Given its embracing of containers – and its need to also continue to support virtual machines in its infrastructure clouds – eBay plans to make use of the Magnum plug-in for OpenStack, which The Next Platform detailed back in May and which is seeing a bit of a resurgence as it is reconfigured to hook Docker Swarm and Kubernetes container schedulers into OpenStack.
As you can see, eBay will be replacing its own homegrown host agent with a kubelet host agent from Kubernetes woven into a Docker container runtime. Applications will be downloaded from a container repository and deployed onto servers in a Kubernetes pod where they can be managed collectively if necessary. The setup will also get rid of the statically configured load balancers and firewalls in the current eBay infrastructure, which Raveendran says was a big bottleneck in the infrastructure operations, too. When it is all done, this is what the dynamic scheduling will look like:
The things that make Kubernetes appealing to eBay, explains Raveendran, is that it is open source software that many people are collaborating on and that eBay can contribute to and benefit from.

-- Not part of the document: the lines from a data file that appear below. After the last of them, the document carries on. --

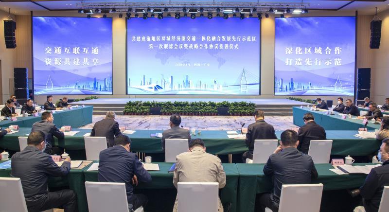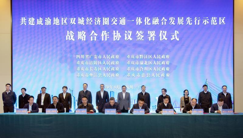 建设成渝地区双城经济经济圈,交通先行。4月14日,共建成渝地区双城经济圈交通一体化融合发展先行示范区第一次联席会暨战略合作协议签署仪式在广安市举行,广安市与重庆市合川区、渝北区、长寿区、黔江区、涪陵区、垫江县、忠县等7区县共同签署了战略合作协议。按照协议,八方将统筹协调,形成示范区跨区域项目共同对上争取、统一规划建设、同步投入使用的协同发展模式,加强在铁路建设、公路建设、航空领域、水运领域、运输服务、项目投融资等交通方面深入合作。
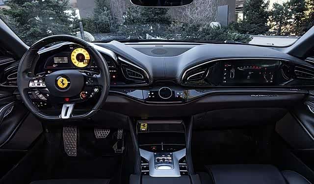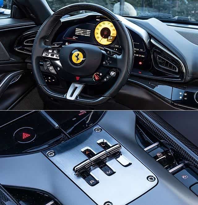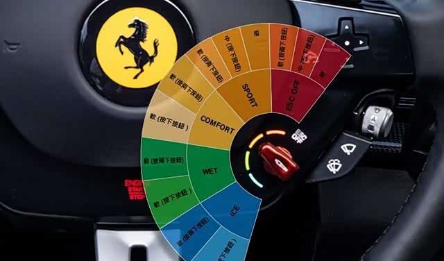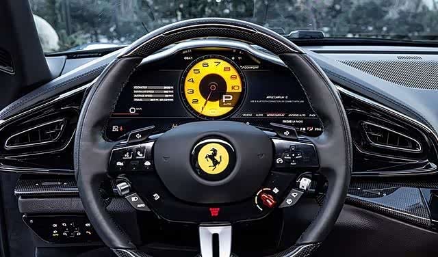 驾驶人与仪表板之间,则是已搭载在新世代 Ferrari 上的同一只三辐式方向盘,所以除了方向灯的控制按钮与喇叭外,中央盘辐皆换上了电容式的触控按键,不过、Purosangue 中央盘辐的按键位置与操作方式,与 Rona、SF90 车系和 296 车系都略有不同,但左侧同样可操作蓝牙通讯、灯号和 ACC 自动巡航系统,右侧则是荧幕显示的选择切换钮、雨刷与 Manettino (提供 ICE、WET、COMFORT、SPORT 及 ESC-OFF 共 5 种模式) 旋钮,且 Manettino 旋钮还多了悬挂软/硬设定的功能,正中央的下方则为引擎启动/关闭的按键,一样可让驾驶人的双手尽可能地维持在方向盘的 3 点与 9 点之位置。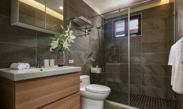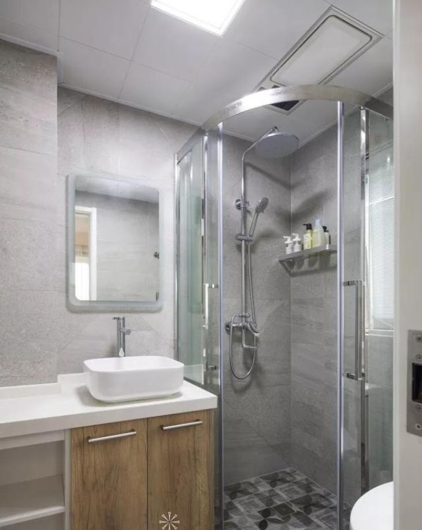 洗手台外置,门内是马桶和淋浴区。比较适用于成员多的家庭,这样的设计能大大提升卫生间的使用效率。

Perhaps more importantly, Kubernetes is available as a controller layer on several public clouds running Docker containers, which would give eBay the capability to burst out to a public cloud should the need arise and the workload be shiftable from eBay’s distributed private cloud to a public cloud.
The move to Docker containers and Kubernetes to control them is not without its challenges, says Raveendran. As many people have been grousing for years, networking is a challenge for OpenStack, and in particular the fact that OpenStack does not have a virtual router like Amazon Web Services and Google Compute Engine is a problem. But here is how eBay is thinking about solving it:
The idea is to use the Neutron networking plug-in for OpenStack to create a Kubernetes router. Over the long haul, Raveendran says that eBay may just take the Border Gateway Protocol (BGP) that is used for Layer 3 networking all the way down to the server host and not just stop it at the top of rack (TOR) switch in the infrastructure. This is something that eBay’s hyperscale peers already do to simplify their own networks, which have to span as much as 100,000 machines (sometimes more) in a single network.
The other issue that eBay is worried about is scale, of course, and it is working with the Kubernetes community to scale out the performance of Kubernetes, which had some self-imposed limitations in its early release as Google and its community partners sought to get the semantics and the foundation right for mixed workload and hardware environments that are not the norm inside of Google. eBay is also participating in the Ubernetes effort to federate Kubernetes clusters and scale them across datacenter regions or across a mix of public clouds and private clusters that use Kubernetes to abstract the container level. eBay is also looking at ways of integrating its Cinder block storage with its Kubernetes container pods.